Directions for this task —
Repeat all of the data word for word so that only the pictures are missing from the copy.

= Beginning of Section =

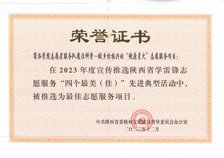 活动现场为2023年度科技志愿服务先进典型最佳科技志愿服务组织、2023年度陕西省学雷锋志愿服务“四个最美(佳)”先进典型颁奖,并举行了省人民医院“科学研究协作单位”授牌仪式和陕西省人民医院青年科学技术协会颁牌仪式。开云官网化材学院曹宝月教授领衔组织的开云kaiyun登录入口志愿者服务队魔法科学——做乡村振兴的“燎原星火”志愿服务项目,入选陕西省学雷锋志愿服务最佳志愿服务项目并受邀领奖。
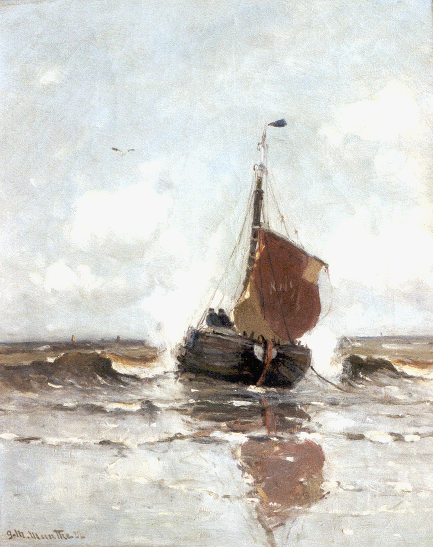 Morgenstjerne Munthe kunstwerk • schilderij • voorheen te koop Aankomende Katwijkse bomschuit
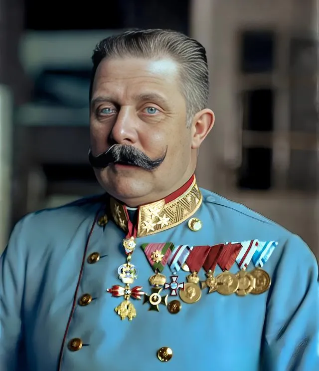 这个穿浅蓝军服的叫斐迪南大公,胸前一串勋章亮得扎眼,金边立领卡得笔直,八字胡梳得服帖,有点骄傲也有点疲惫,他是另一端的主角,坐车转弯时被命运堵了个正着,奶奶以前讲欧洲王公的故事总爱加一句,衣服再光鲜也挡不住背后的风,放到现在想想,这身行头像一面镜子,照出帝国最后的体面,也照出老世界的裂缝。
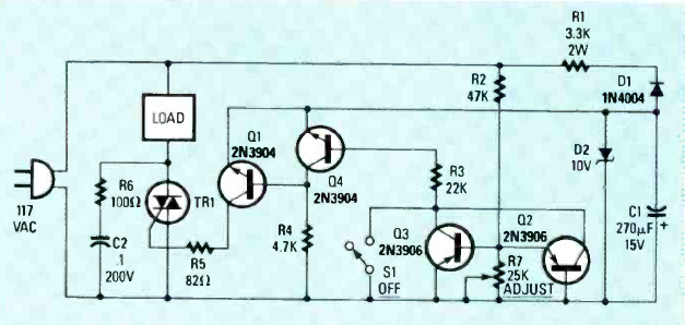 Neste circuito o triac conduz quando a chave S1 é aberta. Encontramos na revista Radio Electronics de outubro de 1987. O triac é de acordo com a carga controlada.
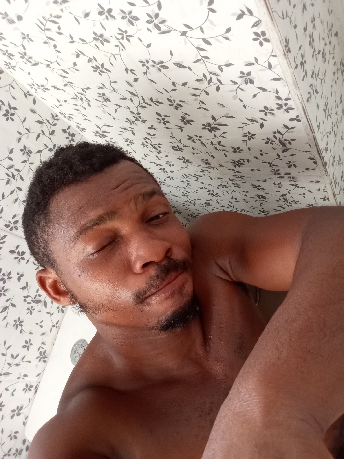 A shirtless dark-skinned man is looking at the camera and winking. He has short dark hair and a closely trimmed beard. The background is a white wall covered with small black floral patterns. Part of a white scale can be seen behind the man. The image is taken at an upward angle. The man's right arm and shoulder are prominent in the foreground, suggesting a selfie perspective.
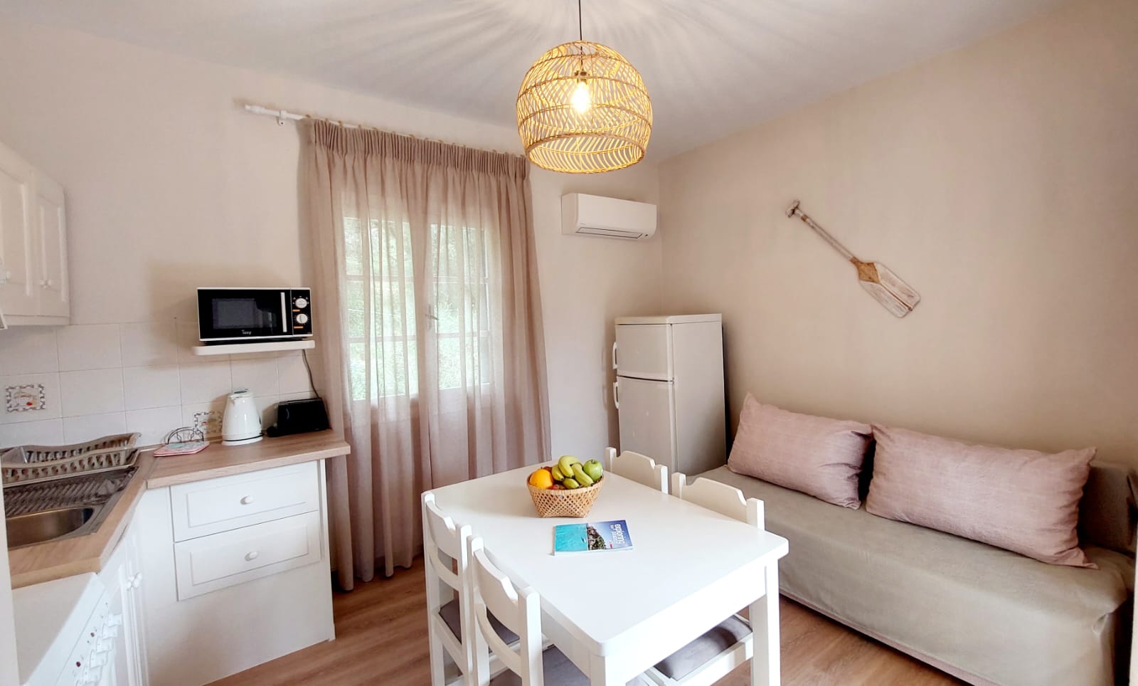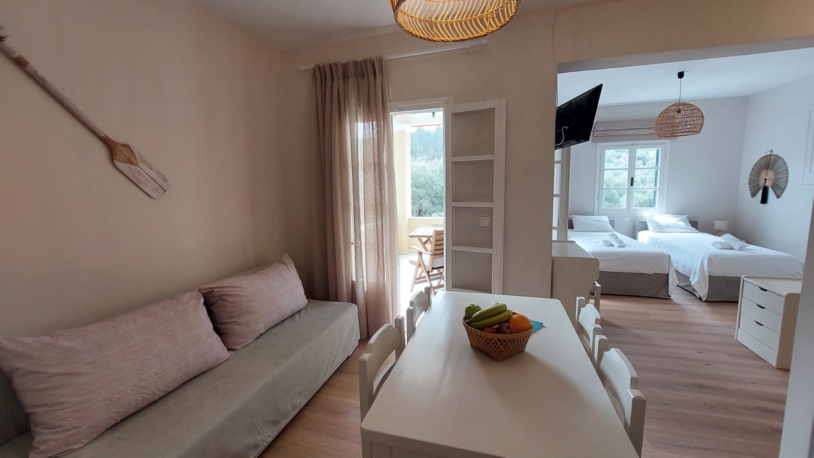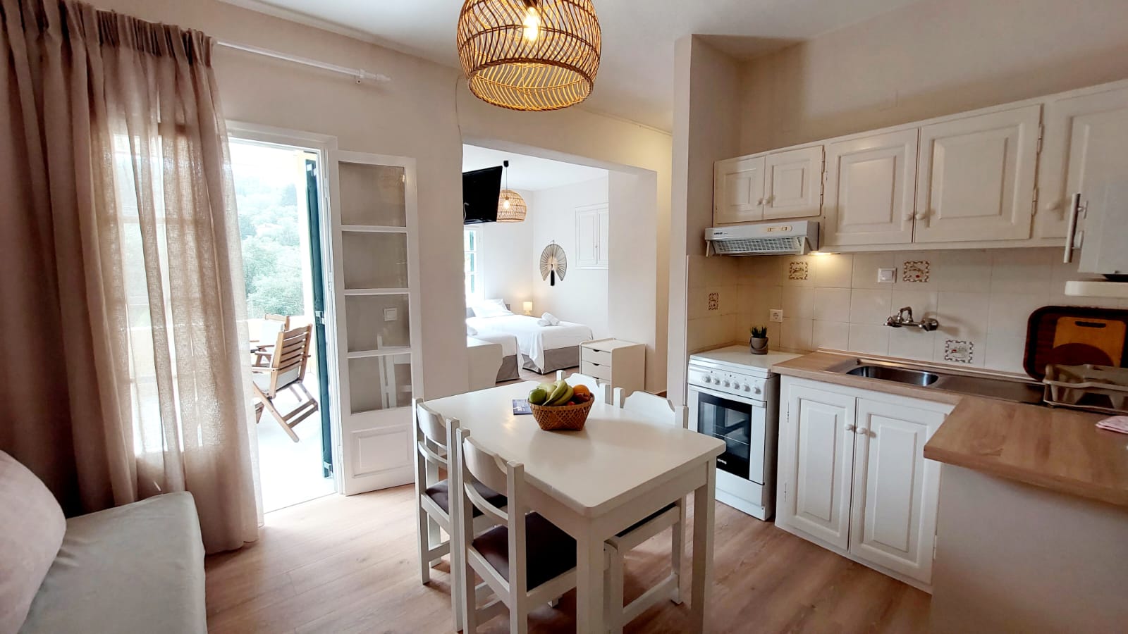 The Studios consist of separate bedroom with either twin or double beds, fully equipped kitchenette / dining area, a bathroom with hot shower and a large private veranda which overlooks the fantastic gardens that are maintained by the owner Yannis Grammatikos.

= End of Section =

Output for this task —
 活动现场为2023年度科技志愿服务先进典型最佳科技志愿服务组织、2023年度陕西省学雷锋志愿服务“四个最美(佳)”先进典型颁奖,并举行了省人民医院“科学研究协作单位”授牌仪式和陕西省人民医院青年科学技术协会颁牌仪式。开云官网化材学院曹宝月教授领衔组织的开云kaiyun登录入口志愿者服务队魔法科学——做乡村振兴的“燎原星火”志愿服务项目,入选陕西省学雷锋志愿服务最佳志愿服务项目并受邀领奖。
 Morgenstjerne Munthe kunstwerk • schilderij • voorheen te koop Aankomende Katwijkse bomschuit
 这个穿浅蓝军服的叫斐迪南大公,胸前一串勋章亮得扎眼,金边立领卡得笔直,八字胡梳得服帖,有点骄傲也有点疲惫,他是另一端的主角,坐车转弯时被命运堵了个正着,奶奶以前讲欧洲王公的故事总爱加一句,衣服再光鲜也挡不住背后的风,放到现在想想,这身行头像一面镜子,照出帝国最后的体面,也照出老世界的裂缝。
 Neste circuito o triac conduz quando a chave S1 é aberta. Encontramos na revista Radio Electronics de outubro de 1987. O triac é de acordo com a carga controlada.
 A shirtless dark-skinned man is looking at the camera and winking. He has short dark hair and a closely trimmed beard. The background is a white wall covered with small black floral patterns. Part of a white scale can be seen behind the man. The image is taken at an upward angle. The man's right arm and shoulder are prominent in the foreground, suggesting a selfie perspective.
 The Studios consist of separate bedroom with either twin or double beds, fully equipped kitchenette / dining area, a bathroom with hot shower and a large private veranda which overlooks the fantastic gardens that are maintained by the owner Yannis Grammatikos.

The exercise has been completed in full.